Task statement - Starting at the first line of the listing below, repeat each line up to and including the one containing "党委副书记兼副院长李帅、新生". Leave out pictures.

Data excerpts -
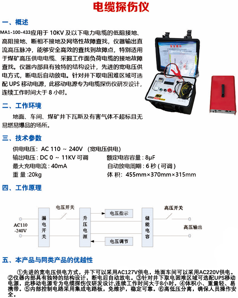 ·先进的宽电压供电方式,全国首创,井下可以采用AC127V供电,地面车间可以采用 AC220V供电。 ·仪器内部具有独特的结构设计,断电后自动放电。 ·针对井下取电困难区域可选配UPS移动电源,此移动电源专为电缆探伤仪研发设计,连续工作时间大于8小时。 ·体积小、重量轻、易携带。 ·内部控制电路采用集成电路板,免维护,稳定可靠。 ·高低压分离,确保人员操作安全。
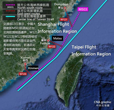 Taiwan will communicate fully with the international community. The one-sided launch of controversial flight routes without prior negotiation by the Beijing authorities endangers aviation safety and upsets the status quo across the Taiwan Strait.
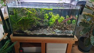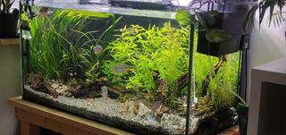 Acuario de 200 litros completo: - Urna cristal de 100x40x50. - Mueble hecho a mano - Filtro exterior Oase Filtrosmart Thermo 300 - Filtro de mochila 1200L/h - Iluminación Twinstar C900 III + Dimmer WiFi - Ventilador Boyu FS-606 - Termostato Inkbird ITC-308S - Kit Co2 3.5L (botella, manoreductor, cuentaburbujas y difusor) - Pipetas metálicas Actualmente está montado, pero en proceso de desmontaje. Los peces que se aprecian en las fotos NO están incluidos en la venta. Además incluyo todos los accesorios para limpieza, repuestos y demás utensilios, mejor preguntar. Lo vendo por falta de tiempo para cuidarlo como merece.
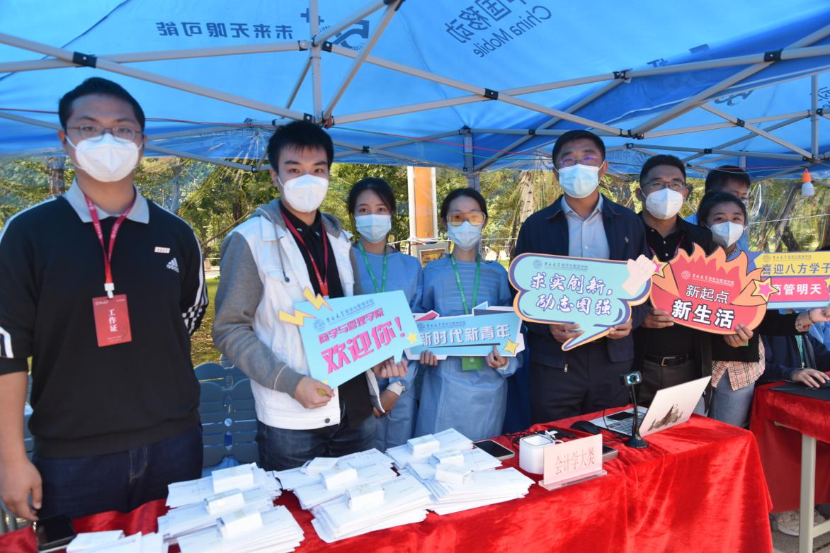 党委副书记兼副院长李帅、新生辅导员李毓、贾奇达,学生工作办公室丁越、刘天目、陈卓、刘翔宇与迎新志愿者们已经早早地来到迎新现场,将一箱箱迎新物资搬到迎新帐篷并且摆放整齐,以文明、饱满的精神面貌准备迎接来自祖国各地的新同学。
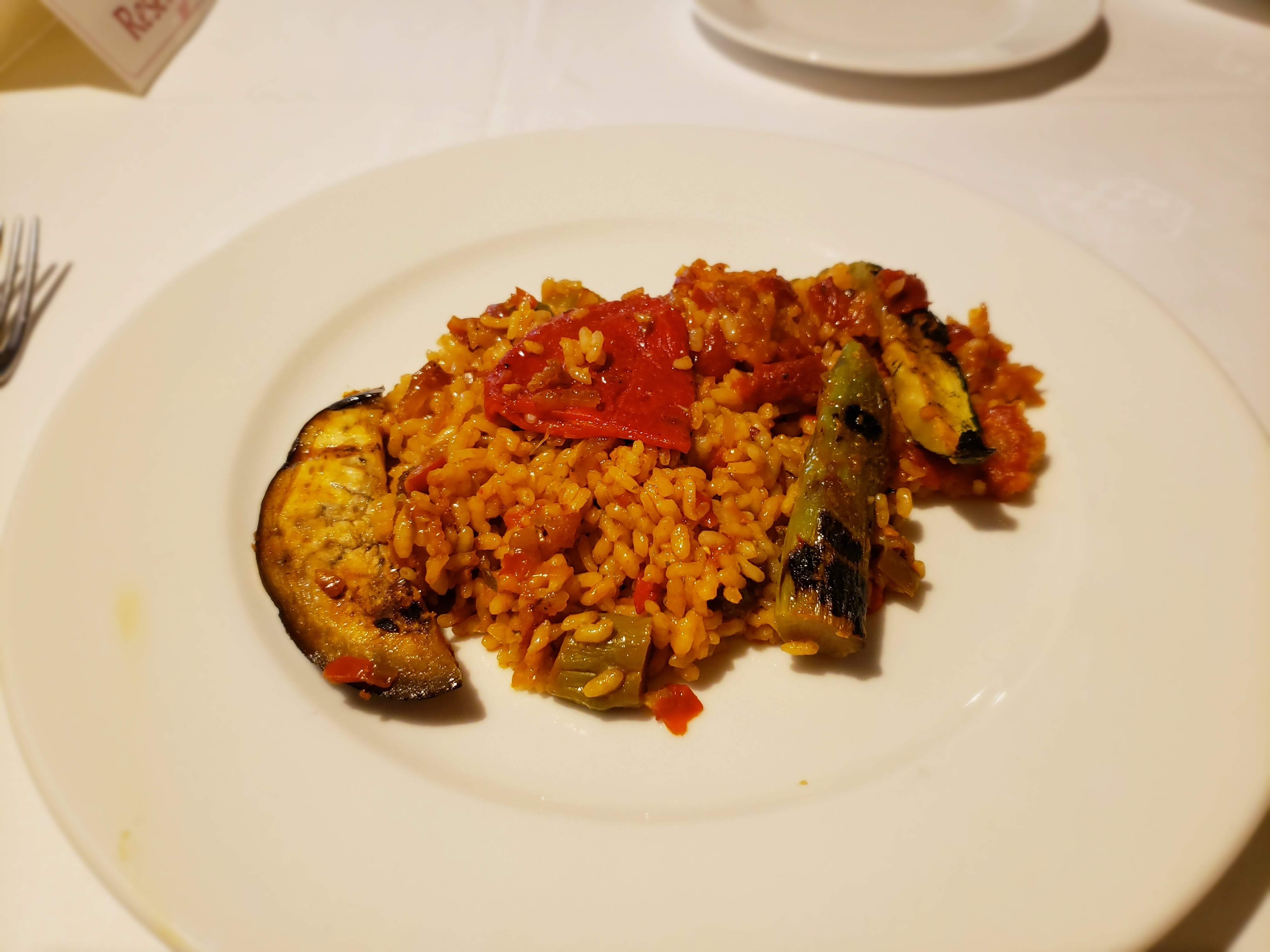 My original plan had been to arrive early to Plaza Espanaya (for the 12:36pm train, remember) and enjoy a leisurely lunch before the ride to Montserrat. Since I had made the impromptu decision to nix that plan and instead rush to the earliest train, I arrived at Montserrat with a healthy appetite. Normally, I’d grab a simple sandwich for lunch but my hunger made me prioritize proximity and my hotel had a fancy-looking restaurant. I’m glad for my choice because it was a cool little spot (with delicious vegetarian paella). You can see in the photo that the restaurant looks like a cave. The stone ceiling is from the old stables. I thought to myself about how those poor horses had to climb to the top of the mountain. When I hiked the Grand Canyon, I saw mules on the pathway carrying supplies, including things like M&Ms and beer. I wonder what 16th-century-indulgences the horses of Montserrat carried.
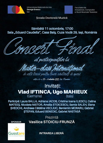 Concertul este susținut de studenți, absolvenți și masteranzi în domeniul artei lirice, sub îndrumarea conf. univ. dr. Vasilica Stoiciu-Frunză și îi are ca invitați pe Vlad Iftinca (Germania) și Ugo Mahieux (Italia).
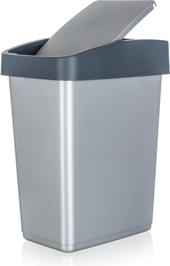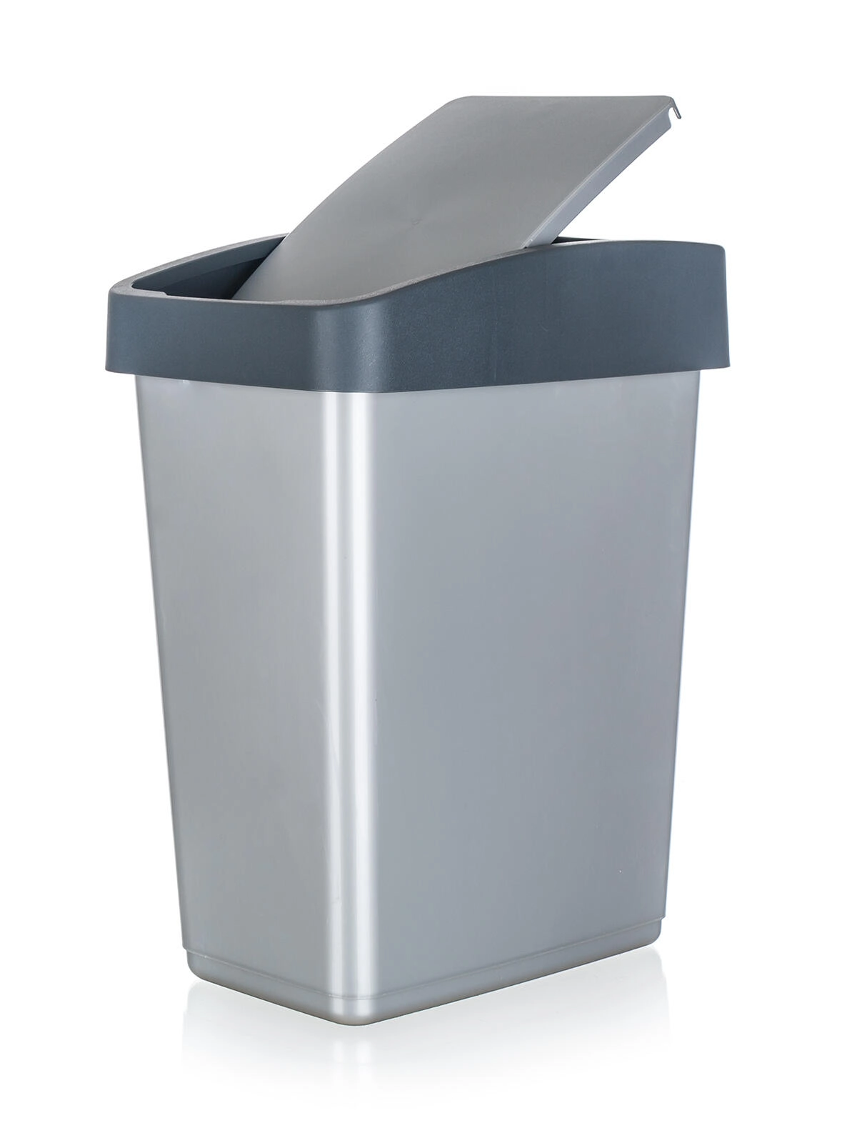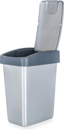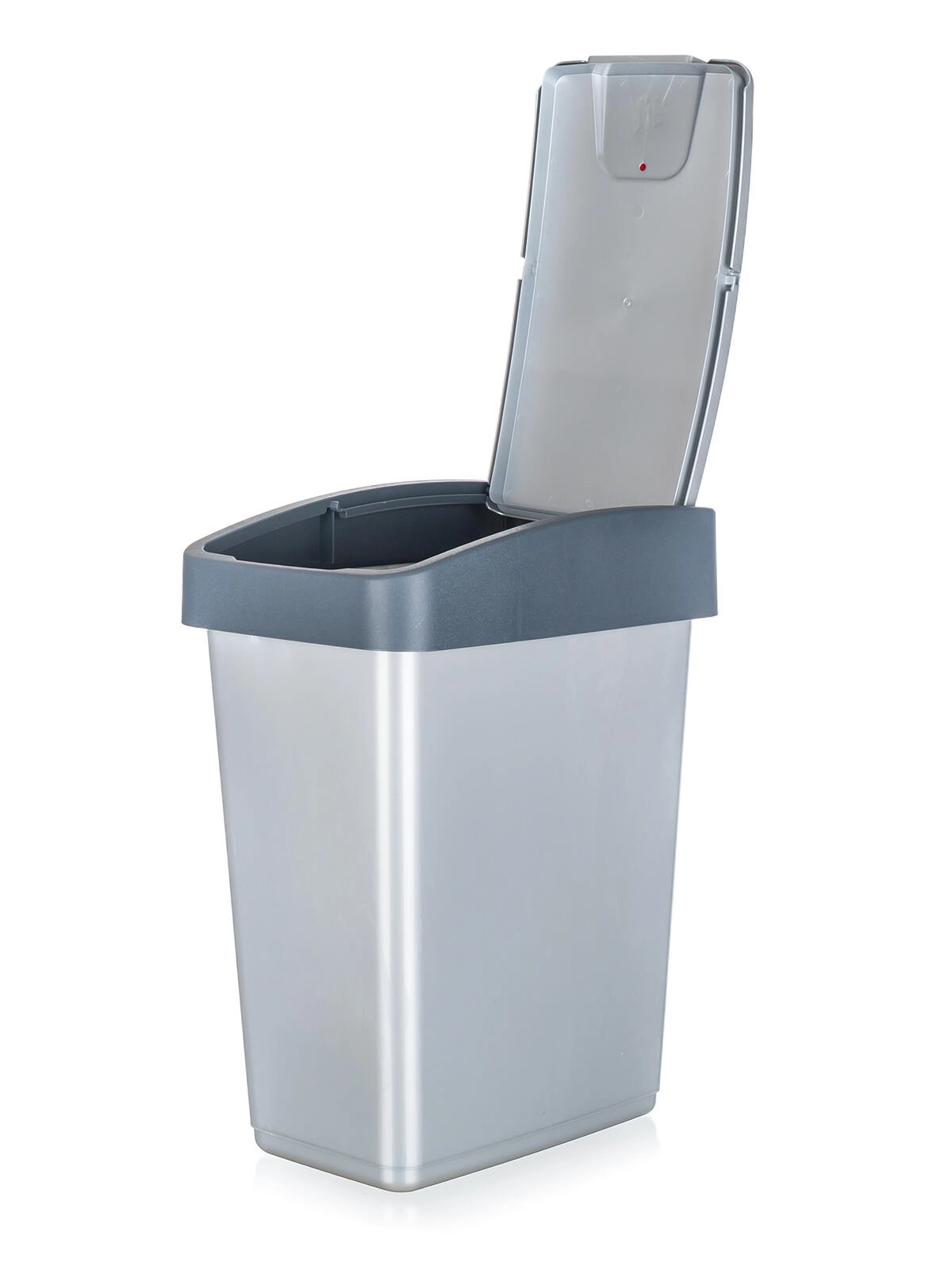 Universele vuilnisbak met een inhoud van 25 liter, ontworpen voor dagelijks gebruik. Dankzij de rechthoekige vorm sluit hij goed aan tegen muren en in hoeken, waardoor hij ruimte bespaart, terwijl het tweestandendeksel zorgt voor comfortabel gebruik naar behoefte.

Written solution -
 ·先进的宽电压供电方式,全国首创,井下可以采用AC127V供电,地面车间可以采用 AC220V供电。 ·仪器内部具有独特的结构设计,断电后自动放电。 ·针对井下取电困难区域可选配UPS移动电源,此移动电源专为电缆探伤仪研发设计,连续工作时间大于8小时。 ·体积小、重量轻、易携带。 ·内部控制电路采用集成电路板,免维护,稳定可靠。 ·高低压分离,确保人员操作安全。
 Taiwan will communicate fully with the international community. The one-sided launch of controversial flight routes without prior negotiation by the Beijing authorities endangers aviation safety and upsets the status quo across the Taiwan Strait.
 Acuario de 200 litros completo: - Urna cristal de 100x40x50. - Mueble hecho a mano - Filtro exterior Oase Filtrosmart Thermo 300 - Filtro de mochila 1200L/h - Iluminación Twinstar C900 III + Dimmer WiFi - Ventilador Boyu FS-606 - Termostato Inkbird ITC-308S - Kit Co2 3.5L (botella, manoreductor, cuentaburbujas y difusor) - Pipetas metálicas Actualmente está montado, pero en proceso de desmontaje. Los peces que se aprecian en las fotos NO están incluidos en la venta. Además incluyo todos los accesorios para limpieza, repuestos y demás utensilios, mejor preguntar. Lo vendo por falta de tiempo para cuidarlo como merece.
 党委副书记兼副院长李帅、新生辅导员李毓、贾奇达,学生工作办公室丁越、刘天目、陈卓、刘翔宇与迎新志愿者们已经早早地来到迎新现场,将一箱箱迎新物资搬到迎新帐篷并且摆放整齐,以文明、饱满的精神面貌准备迎接来自祖国各地的新同学。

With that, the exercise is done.